Abstract

Determining the time of emergence of climates altered from their natural state by anthropogenic influences can help inform the development of adaptation and mitigation strategies to climate change. Previous studies have examined the time of emergence of climate averages. However, at the global scale, the emergence of changes in extreme events, which have the greatest societal impacts, has not been investigated before. Based on state-of-the-art climate models, we show that temperature extremes generally emerge slightly later from their quasi-natural climate state than seasonal means, due to greater variability in extremes. Nevertheless, according to model evidence, both hot and cold extremes have already emerged across many areas. Remarkably, even precipitation extremes that have very large variability are projected to emerge in the coming decades in Northern Hemisphere winters associated with a wettening trend. Based on our findings we expect local temperature and precipitation extremes to already differ significantly from their previous quasi-natural state at many locations or to do so in the near future.
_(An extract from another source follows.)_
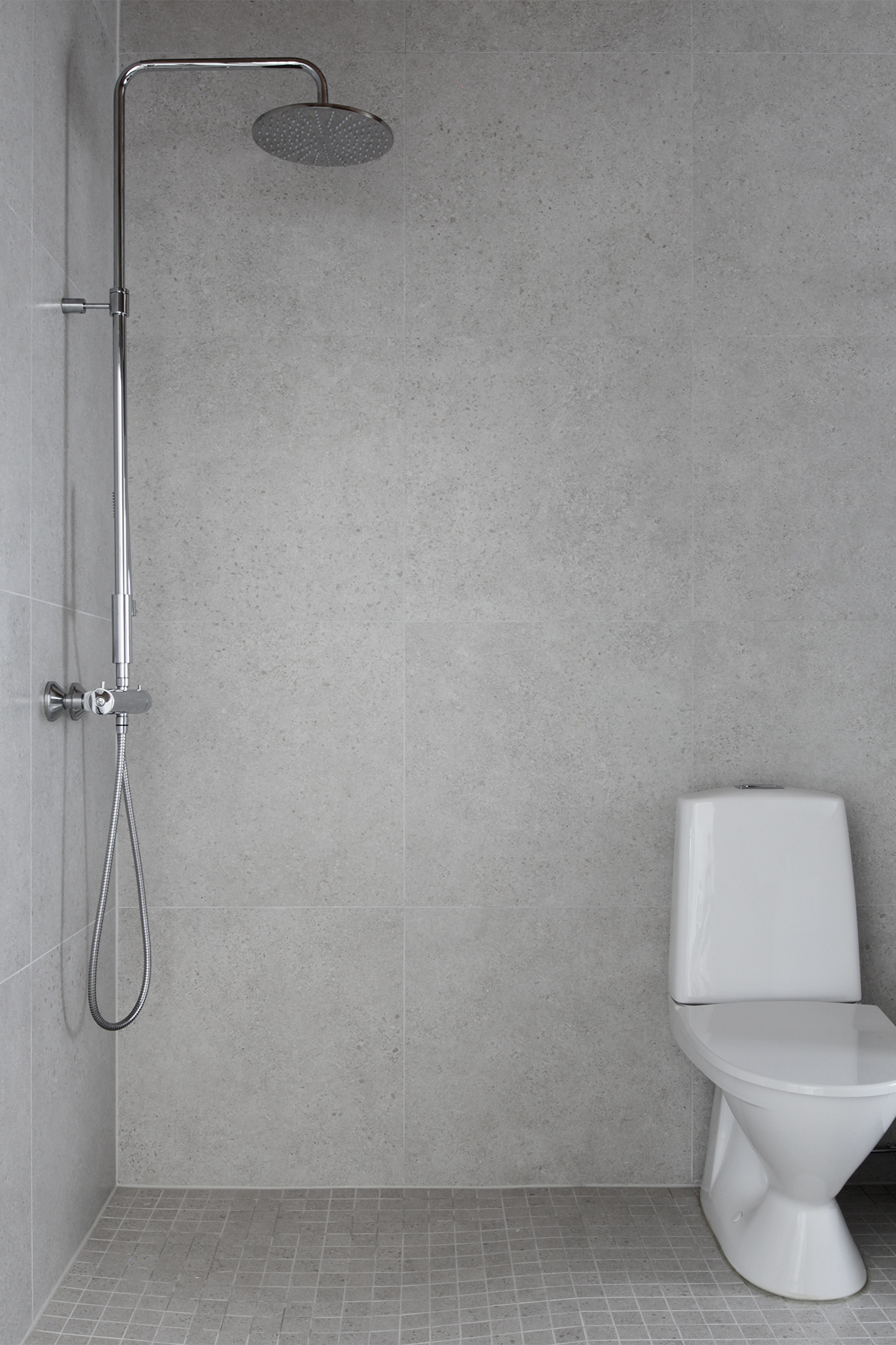 Seinälaatoiksi valikoitui Pukkilan mattapintainen Deep Sugar 60 x 60 cm koossa ja lattialaataksi sama, mutta 5 x 5 cm kokoisena. Halusin, että saumat häivyttyvät mahdollisimman hyvin, joten saumalaastiksi valitsin Weberin Marblen ja saman sävyn myös silikoniin.
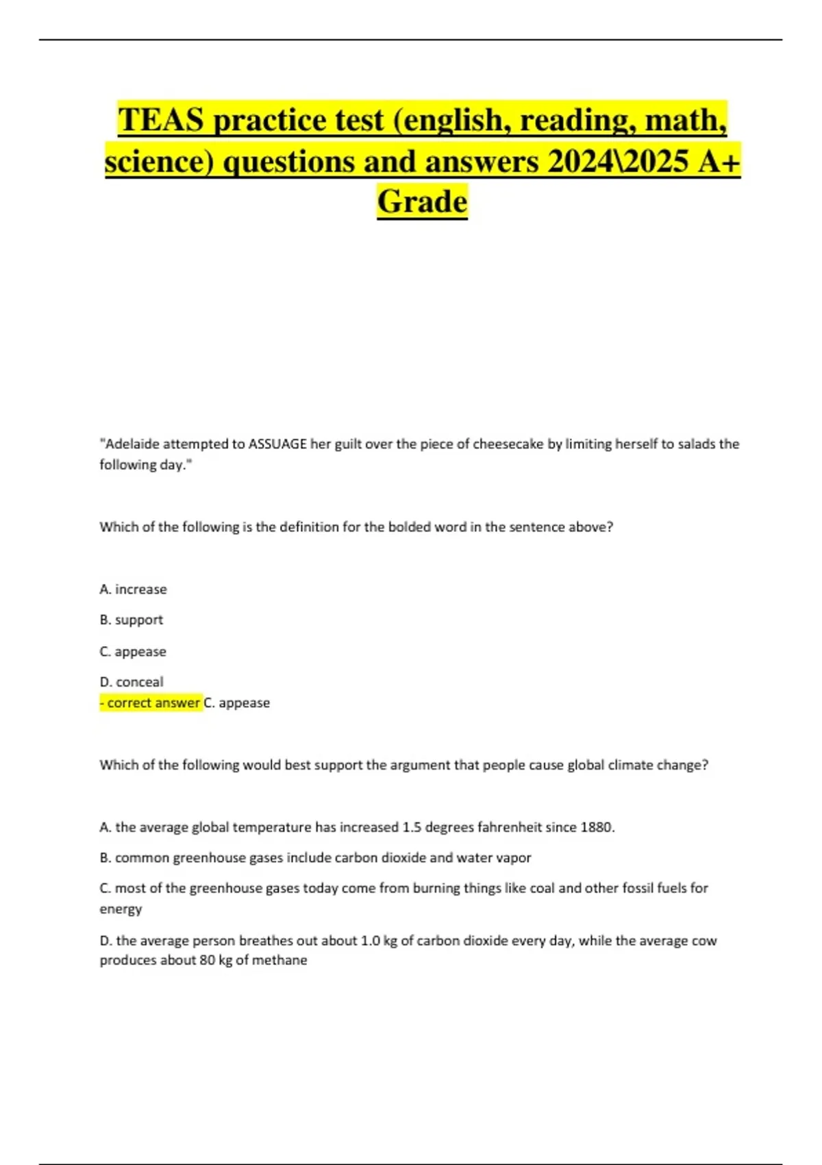- correct answer C. appease

Our findings have implications for climate impacts and detection and attribution studies assessing observed changes in regional climate extremes by showing whether they will likely find a fingerprint of anthropogenic climate change.

Details

Title
The timing of anthropogenic emergence in simulated climate extremes
Author
King, Andrew D 1 ; Donat, Markus G 2 ; Fischer, Erich M 3 ; Hawkins, Ed 4 ; Alexander, Lisa V 2 ; Karoly, David J 5 ; Dittus, Andrea J 5 ; Lewis, Sophie C 6 ; Perkins, Sarah E 2 

 ARC Centre of Excellence for Climate System Science, Climate Change Research Centre, University of New South Wales, Sydney, 2052, Australia; ARC Centre of Excellence for Climate System Science, School of Earth Science, University of Melbourne, Melbourne, 3010, Australia 
 ARC Centre of Excellence for Climate System Science, Climate Change Research Centre, University of New South Wales, Sydney, 2052, Australia 
 Institute for Atmospheric and Climate Science, ETH Zurich, Universitätstrasse 16, 8092 Zurich, Switzerland 
 National Centre for Atmospheric Science, Department of Meteorology, University of Reading, Reading, RG6 6BB, UK 
 ARC Centre of Excellence for Climate System Science, School of Earth Science, University of Melbourne, Melbourne, 3010, Australia 
 ARC Centre of Excellence for Climate System Science, School of Earth Science, University of Melbourne, Melbourne, 3010, Australia; ARC Centre of Excellence for Climate System Science, School of Earth Sciences, The Australian National University, Acton, 2601, Australia 
Publication year
2015
Publication date
Sep 2015
Publisher
IOP Publishing
e-ISSN
17489326
Source type
Scholarly Journal
Language of publication
English
ProQuest document ID
2549711679
Copyright
© 2015. This work is published under http://creativecommons.org/licenses/by/3.0/ (the “License”). Notwithstanding the ProQuest Terms and Conditions, you may use this content in accordance with the terms of the License.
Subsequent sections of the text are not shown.